We attended the wake today. Luckily the funeral home had a seperate room which had an aviary full of finches which we could leave Annie in with our Aunt while we went in to say goodbye.
When we went to leave Annie went to hug our other aunt goodbye and when the aunt picked her up to hug her, Annie looked over her shoulder and saw Peggy. I didn't realize Annie had even seen her until we got to the car and she asked me why Peggy was sleeping in there.
She also asked when she would be coming back. I told her she wouldn't be back and we would see her someday in heaven. Annie told me no... just that she was very sick and Jesus would make her better in heaven then she would be back.

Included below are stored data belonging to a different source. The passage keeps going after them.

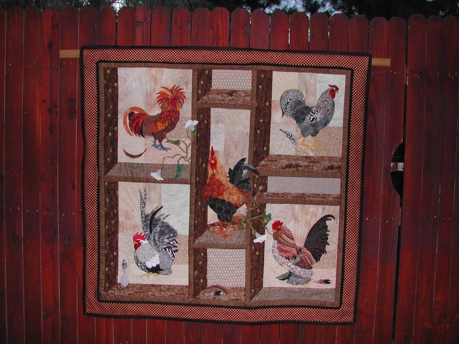 | Design Source - Description | Quilt 47"x 47", Made for my daughter who collects Roosters. My first machine quilting and machine applique. Applique techniques learned from Ricky Tims, Quilt Camp in the Pines! |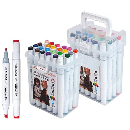 Набор маркеров для скетчинга " deVente " Emotion 24цв двухсторонние, 1,0-5,0мм, пулевидный/скошенный, трехгранный корпус, в пластиковом боксе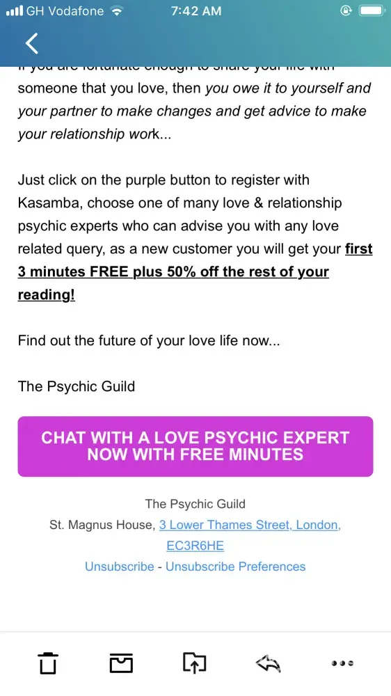 Kasamba Psycics does lot of damage to people's subconscious with those endless adds on youtube. As for example, the one ‘i caught my boyfriend cheating on me', literally conditions ones brain into such or similar happenings, with constant suggestion and imprint! Everyone who knows about the power of words knows what Im talking about. Please stop with those type of adds if you wish to really help people, and focus on providing helpful, positive and informative content instead. Thanks!
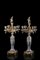 Coppia di candelabri a quattro fiamme in bronzo decorato a smalti policromi all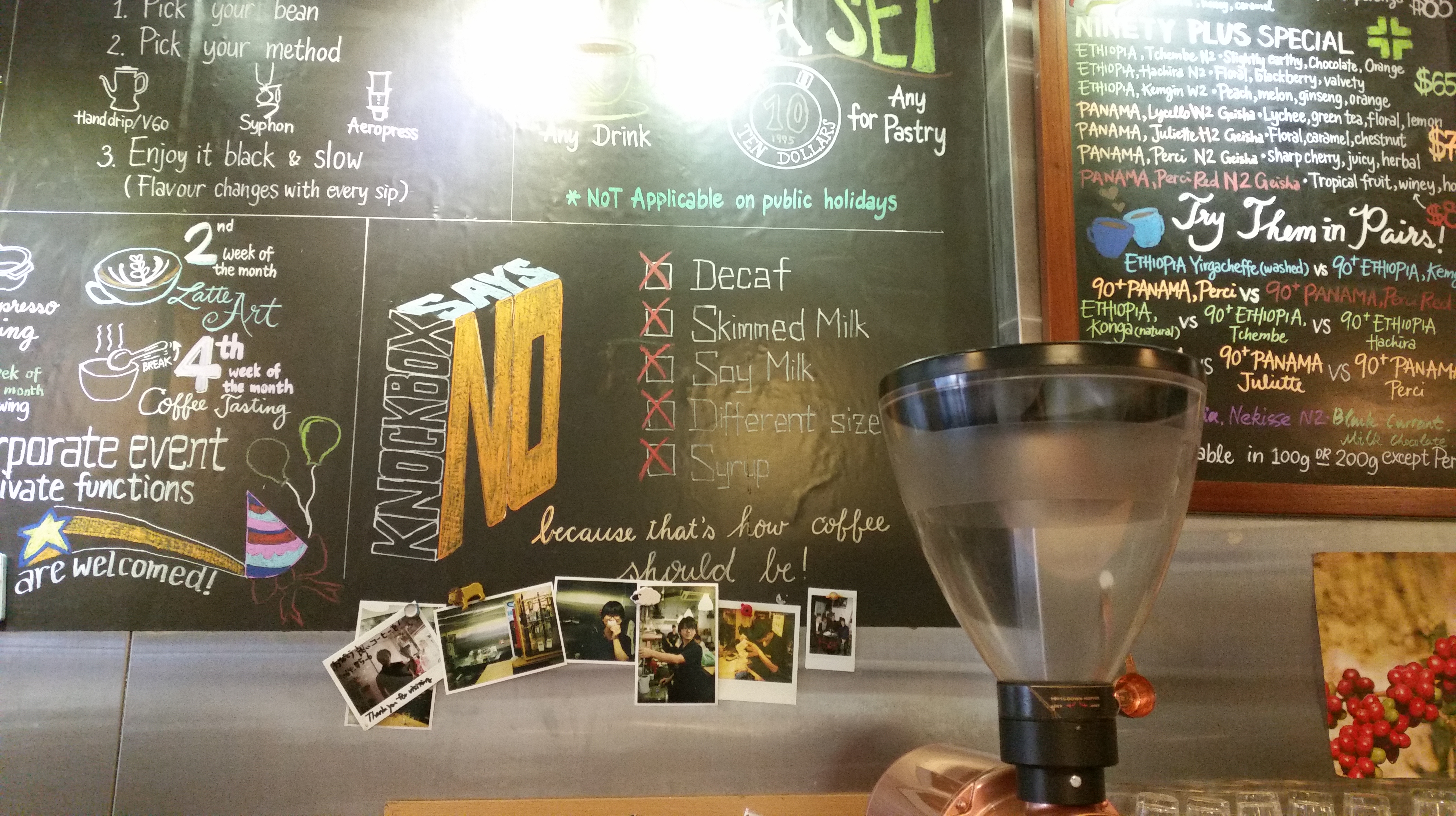 The heavyweight of caffeine experiences in Hong Kong, we wish it was just an eensy bit closer to our house…though if it was we’d be bankrupted within a week. These guys know their coffee possibly more than any other baristas we’ve ever come across. If you’re into coffee geekery or ever just want to experience something novel try Knockbox. For $150 they offer a coffee tasting where you can sample either three different types of coffees or 3 different preparations. Very cool, very educational, very dangerous 🙂

I don't know your whole story but when my kids were 2 and 5 my grandma died. I took them to the funeral home before "calling hours" started and then before the funeral started, before anyone else had arrived. I let them walk up to the casket, touch my grandma and ask questions. They were 5 and 8 when my grandfather died and we did the same thing then. It is important that children learn to handle death and see it as a part of life. I am advisor for a girls group, we had an 18 year old that had never been to a funeral. Her grandmother died. They told her she had to go to the funeral home, she latched on to either side of the door jam and they had to pry her off. I am NOT kidding and this was a kid I'd have thought was normal and mature in every way. 6 weeks later her grandfather dies and the same thing all because her parents had shielded her and tried to protect her from this sort of event.